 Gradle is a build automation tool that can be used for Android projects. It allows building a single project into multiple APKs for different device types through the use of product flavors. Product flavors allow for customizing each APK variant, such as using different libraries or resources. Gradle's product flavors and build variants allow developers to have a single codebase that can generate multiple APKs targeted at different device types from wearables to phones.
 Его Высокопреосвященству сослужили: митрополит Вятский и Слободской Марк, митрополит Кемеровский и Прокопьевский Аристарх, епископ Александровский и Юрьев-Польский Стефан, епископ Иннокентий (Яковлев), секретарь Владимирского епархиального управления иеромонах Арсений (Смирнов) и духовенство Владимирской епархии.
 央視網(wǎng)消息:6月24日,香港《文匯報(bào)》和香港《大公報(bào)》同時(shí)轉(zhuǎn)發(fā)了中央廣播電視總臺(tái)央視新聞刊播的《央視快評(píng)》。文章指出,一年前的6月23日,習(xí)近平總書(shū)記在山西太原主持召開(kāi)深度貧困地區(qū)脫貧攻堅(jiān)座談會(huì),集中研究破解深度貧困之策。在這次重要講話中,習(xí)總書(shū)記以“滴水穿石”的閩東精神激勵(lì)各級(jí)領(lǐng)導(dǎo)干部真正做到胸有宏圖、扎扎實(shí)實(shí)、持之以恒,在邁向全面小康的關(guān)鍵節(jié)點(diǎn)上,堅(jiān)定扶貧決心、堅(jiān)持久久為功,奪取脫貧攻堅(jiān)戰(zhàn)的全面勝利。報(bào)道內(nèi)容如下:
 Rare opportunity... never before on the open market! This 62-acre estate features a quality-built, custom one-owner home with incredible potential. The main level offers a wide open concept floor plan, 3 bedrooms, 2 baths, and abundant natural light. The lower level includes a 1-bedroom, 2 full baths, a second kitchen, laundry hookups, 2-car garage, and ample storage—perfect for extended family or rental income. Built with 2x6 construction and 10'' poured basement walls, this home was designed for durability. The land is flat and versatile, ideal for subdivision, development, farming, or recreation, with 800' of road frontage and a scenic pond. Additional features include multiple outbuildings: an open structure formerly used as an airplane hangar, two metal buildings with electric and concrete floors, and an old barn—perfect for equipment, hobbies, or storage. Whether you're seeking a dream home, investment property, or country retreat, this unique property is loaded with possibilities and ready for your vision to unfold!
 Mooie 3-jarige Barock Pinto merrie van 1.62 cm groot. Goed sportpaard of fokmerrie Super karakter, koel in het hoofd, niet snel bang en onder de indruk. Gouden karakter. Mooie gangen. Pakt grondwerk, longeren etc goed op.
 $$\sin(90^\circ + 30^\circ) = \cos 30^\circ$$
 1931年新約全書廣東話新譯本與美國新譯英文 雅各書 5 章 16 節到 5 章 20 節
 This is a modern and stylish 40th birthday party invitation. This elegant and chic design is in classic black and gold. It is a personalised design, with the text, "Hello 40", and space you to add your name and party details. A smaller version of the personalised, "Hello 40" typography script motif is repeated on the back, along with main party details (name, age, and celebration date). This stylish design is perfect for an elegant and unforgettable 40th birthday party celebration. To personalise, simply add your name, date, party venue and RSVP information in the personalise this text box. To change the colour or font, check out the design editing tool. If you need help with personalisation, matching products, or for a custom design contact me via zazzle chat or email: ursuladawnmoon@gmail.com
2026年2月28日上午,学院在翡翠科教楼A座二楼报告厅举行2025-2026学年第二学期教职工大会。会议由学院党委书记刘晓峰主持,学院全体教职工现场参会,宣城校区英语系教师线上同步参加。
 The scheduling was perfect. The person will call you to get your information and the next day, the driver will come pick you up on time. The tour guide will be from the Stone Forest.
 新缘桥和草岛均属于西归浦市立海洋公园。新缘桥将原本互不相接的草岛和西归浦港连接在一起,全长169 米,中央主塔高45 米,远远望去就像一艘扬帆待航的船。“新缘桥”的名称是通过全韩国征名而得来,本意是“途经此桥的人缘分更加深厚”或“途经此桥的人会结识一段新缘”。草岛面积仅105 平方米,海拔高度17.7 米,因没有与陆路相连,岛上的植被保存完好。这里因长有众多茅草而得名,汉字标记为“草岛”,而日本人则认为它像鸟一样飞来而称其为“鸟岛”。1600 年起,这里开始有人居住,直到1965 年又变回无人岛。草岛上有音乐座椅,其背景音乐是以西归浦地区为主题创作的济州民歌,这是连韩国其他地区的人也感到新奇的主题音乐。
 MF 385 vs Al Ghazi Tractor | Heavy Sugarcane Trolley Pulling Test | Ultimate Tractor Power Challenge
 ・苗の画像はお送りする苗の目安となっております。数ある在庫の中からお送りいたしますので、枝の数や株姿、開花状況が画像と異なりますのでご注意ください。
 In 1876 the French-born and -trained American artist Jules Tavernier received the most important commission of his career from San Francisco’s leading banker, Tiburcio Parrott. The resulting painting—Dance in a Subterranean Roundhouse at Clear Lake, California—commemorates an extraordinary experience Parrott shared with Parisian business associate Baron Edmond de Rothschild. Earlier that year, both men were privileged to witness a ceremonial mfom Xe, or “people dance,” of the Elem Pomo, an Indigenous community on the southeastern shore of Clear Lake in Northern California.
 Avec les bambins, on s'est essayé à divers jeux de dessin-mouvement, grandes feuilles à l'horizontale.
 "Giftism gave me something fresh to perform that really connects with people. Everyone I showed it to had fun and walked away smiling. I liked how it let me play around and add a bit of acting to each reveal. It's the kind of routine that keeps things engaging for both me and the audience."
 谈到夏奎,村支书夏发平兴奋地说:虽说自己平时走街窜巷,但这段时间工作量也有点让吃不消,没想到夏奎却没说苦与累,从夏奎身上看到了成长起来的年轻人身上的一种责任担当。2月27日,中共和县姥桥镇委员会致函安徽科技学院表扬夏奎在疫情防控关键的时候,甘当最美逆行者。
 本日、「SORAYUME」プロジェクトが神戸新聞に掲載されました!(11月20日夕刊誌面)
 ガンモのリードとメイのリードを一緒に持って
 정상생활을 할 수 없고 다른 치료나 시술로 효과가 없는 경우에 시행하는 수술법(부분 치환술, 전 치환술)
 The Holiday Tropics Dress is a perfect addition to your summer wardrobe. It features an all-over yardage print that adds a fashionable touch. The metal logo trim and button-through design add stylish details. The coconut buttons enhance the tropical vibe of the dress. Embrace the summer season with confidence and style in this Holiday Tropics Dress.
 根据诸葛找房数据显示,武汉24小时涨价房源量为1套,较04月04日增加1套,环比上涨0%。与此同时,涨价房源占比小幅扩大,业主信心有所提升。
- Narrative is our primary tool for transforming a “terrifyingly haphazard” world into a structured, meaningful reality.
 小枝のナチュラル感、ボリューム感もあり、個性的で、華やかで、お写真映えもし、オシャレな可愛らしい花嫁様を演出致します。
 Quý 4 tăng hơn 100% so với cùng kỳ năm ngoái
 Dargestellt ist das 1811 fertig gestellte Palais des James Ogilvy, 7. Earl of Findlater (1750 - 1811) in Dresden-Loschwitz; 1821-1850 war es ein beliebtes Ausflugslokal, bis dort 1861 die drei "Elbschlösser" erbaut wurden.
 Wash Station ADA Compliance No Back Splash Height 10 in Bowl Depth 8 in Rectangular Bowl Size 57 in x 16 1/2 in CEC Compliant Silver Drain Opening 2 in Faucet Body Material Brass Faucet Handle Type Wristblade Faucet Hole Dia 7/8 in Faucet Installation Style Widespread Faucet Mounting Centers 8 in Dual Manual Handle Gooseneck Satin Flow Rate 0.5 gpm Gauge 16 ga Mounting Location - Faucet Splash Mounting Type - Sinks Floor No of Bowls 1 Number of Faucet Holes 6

........

◆ **AIM OF THE TASK**: Repeat the listing exactly, leaving nothing out.

◆ **WRITTEN RESPONSE**:
 Gradle is a build automation tool that can be used for Android projects. It allows building a single project into multiple APKs for different device types through the use of product flavors. Product flavors allow for customizing each APK variant, such as using different libraries or resources. Gradle's product flavors and build variants allow developers to have a single codebase that can generate multiple APKs targeted at different device types from wearables to phones.
 Его Высокопреосвященству сослужили: митрополит Вятский и Слободской Марк, митрополит Кемеровский и Прокопьевский Аристарх, епископ Александровский и Юрьев-Польский Стефан, епископ Иннокентий (Яковлев), секретарь Владимирского епархиального управления иеромонах Арсений (Смирнов) и духовенство Владимирской епархии.
 央視網(wǎng)消息:6月24日,香港《文匯報(bào)》和香港《大公報(bào)》同時(shí)轉(zhuǎn)發(fā)了中央廣播電視總臺(tái)央視新聞刊播的《央視快評(píng)》。文章指出,一年前的6月23日,習(xí)近平總書(shū)記在山西太原主持召開(kāi)深度貧困地區(qū)脫貧攻堅(jiān)座談會(huì),集中研究破解深度貧困之策。在這次重要講話中,習(xí)總書(shū)記以“滴水穿石”的閩東精神激勵(lì)各級(jí)領(lǐng)導(dǎo)干部真正做到胸有宏圖、扎扎實(shí)實(shí)、持之以恒,在邁向全面小康的關(guān)鍵節(jié)點(diǎn)上,堅(jiān)定扶貧決心、堅(jiān)持久久為功,奪取脫貧攻堅(jiān)戰(zhàn)的全面勝利。報(bào)道內(nèi)容如下:
 Rare opportunity... never before on the open market! This 62-acre estate features a quality-built, custom one-owner home with incredible potential. The main level offers a wide open concept floor plan, 3 bedrooms, 2 baths, and abundant natural light. The lower level includes a 1-bedroom, 2 full baths, a second kitchen, laundry hookups, 2-car garage, and ample storage—perfect for extended family or rental income. Built with 2x6 construction and 10'' poured basement walls, this home was designed for durability. The land is flat and versatile, ideal for subdivision, development, farming, or recreation, with 800' of road frontage and a scenic pond. Additional features include multiple outbuildings: an open structure formerly used as an airplane hangar, two metal buildings with electric and concrete floors, and an old barn—perfect for equipment, hobbies, or storage. Whether you're seeking a dream home, investment property, or country retreat, this unique property is loaded with possibilities and ready for your vision to unfold!
 Mooie 3-jarige Barock Pinto merrie van 1.62 cm groot. Goed sportpaard of fokmerrie Super karakter, koel in het hoofd, niet snel bang en onder de indruk. Gouden karakter. Mooie gangen. Pakt grondwerk, longeren etc goed op.
 $$\sin(90^\circ + 30^\circ) = \cos 30^\circ$$
 1931年新約全書廣東話新譯本與美國新譯英文 雅各書 5 章 16 節到 5 章 20 節
 This is a modern and stylish 40th birthday party invitation. This elegant and chic design is in classic black and gold. It is a personalised design, with the text, "Hello 40", and space you to add your name and party details. A smaller version of the personalised, "Hello 40" typography script motif is repeated on the back, along with main party details (name, age, and celebration date). This stylish design is perfect for an elegant and unforgettable 40th birthday party celebration. To personalise, simply add your name, date, party venue and RSVP information in the personalise this text box. To change the colour or font, check out the design editing tool. If you need help with personalisation, matching products, or for a custom design contact me via zazzle chat or email: ursuladawnmoon@gmail.com
2026年2月28日上午,学院在翡翠科教楼A座二楼报告厅举行2025-2026学年第二学期教职工大会。会议由学院党委书记刘晓峰主持,学院全体教职工现场参会,宣城校区英语系教师线上同步参加。
 The scheduling was perfect. The person will call you to get your information and the next day, the driver will come pick you up on time. The tour guide will be from the Stone Forest.
 新缘桥和草岛均属于西归浦市立海洋公园。新缘桥将原本互不相接的草岛和西归浦港连接在一起,全长169 米,中央主塔高45 米,远远望去就像一艘扬帆待航的船。“新缘桥”的名称是通过全韩国征名而得来,本意是“途经此桥的人缘分更加深厚”或“途经此桥的人会结识一段新缘”。草岛面积仅105 平方米,海拔高度17.7 米,因没有与陆路相连,岛上的植被保存完好。这里因长有众多茅草而得名,汉字标记为“草岛”,而日本人则认为它像鸟一样飞来而称其为“鸟岛”。1600 年起,这里开始有人居住,直到1965 年又变回无人岛。草岛上有音乐座椅,其背景音乐是以西归浦地区为主题创作的济州民歌,这是连韩国其他地区的人也感到新奇的主题音乐。
 MF 385 vs Al Ghazi Tractor | Heavy Sugarcane Trolley Pulling Test | Ultimate Tractor Power Challenge
 ・苗の画像はお送りする苗の目安となっております。数ある在庫の中からお送りいたしますので、枝の数や株姿、開花状況が画像と異なりますのでご注意ください。
 In 1876 the French-born and -trained American artist Jules Tavernier received the most important commission of his career from San Francisco’s leading banker, Tiburcio Parrott. The resulting painting—Dance in a Subterranean Roundhouse at Clear Lake, California—commemorates an extraordinary experience Parrott shared with Parisian business associate Baron Edmond de Rothschild. Earlier that year, both men were privileged to witness a ceremonial mfom Xe, or “people dance,” of the Elem Pomo, an Indigenous community on the southeastern shore of Clear Lake in Northern California.
 Avec les bambins, on s'est essayé à divers jeux de dessin-mouvement, grandes feuilles à l'horizontale.
 "Giftism gave me something fresh to perform that really connects with people. Everyone I showed it to had fun and walked away smiling. I liked how it let me play around and add a bit of acting to each reveal. It's the kind of routine that keeps things engaging for both me and the audience."
 谈到夏奎,村支书夏发平兴奋地说:虽说自己平时走街窜巷,但这段时间工作量也有点让吃不消,没想到夏奎却没说苦与累,从夏奎身上看到了成长起来的年轻人身上的一种责任担当。2月27日,中共和县姥桥镇委员会致函安徽科技学院表扬夏奎在疫情防控关键的时候,甘当最美逆行者。
 本日、「SORAYUME」プロジェクトが神戸新聞に掲載されました!(11月20日夕刊誌面)
 ガンモのリードとメイのリードを一緒に持って
 정상생활을 할 수 없고 다른 치료나 시술로 효과가 없는 경우에 시행하는 수술법(부분 치환술, 전 치환술)
 The Holiday Tropics Dress is a perfect addition to your summer wardrobe. It features an all-over yardage print that adds a fashionable touch. The metal logo trim and button-through design add stylish details. The coconut buttons enhance the tropical vibe of the dress. Embrace the summer season with confidence and style in this Holiday Tropics Dress.
 根据诸葛找房数据显示,武汉24小时涨价房源量为1套,较04月04日增加1套,环比上涨0%。与此同时,涨价房源占比小幅扩大,业主信心有所提升。
- Narrative is our primary tool for transforming a “terrifyingly haphazard” world into a structured, meaningful reality.
 小枝のナチュラル感、ボリューム感もあり、個性的で、華やかで、お写真映えもし、オシャレな可愛らしい花嫁様を演出致します。
 Quý 4 tăng hơn 100% so với cùng kỳ năm ngoái
 Dargestellt ist das 1811 fertig gestellte Palais des James Ogilvy, 7. Earl of Findlater (1750 - 1811) in Dresden-Loschwitz; 1821-1850 war es ein beliebtes Ausflugslokal, bis dort 1861 die drei "Elbschlösser" erbaut wurden.
 Wash Station ADA Compliance No Back Splash Height 10 in Bowl Depth 8 in Rectangular Bowl Size 57 in x 16 1/2 in CEC Compliant Silver Drain Opening 2 in Faucet Body Material Brass Faucet Handle Type Wristblade Faucet Hole Dia 7/8 in Faucet Installation Style Widespread Faucet Mounting Centers 8 in Dual Manual Handle Gooseneck Satin Flow Rate 0.5 gpm Gauge 16 ga Mounting Location - Faucet Splash Mounting Type - Sinks Floor No of Bowls 1 Number of Faucet Holes 6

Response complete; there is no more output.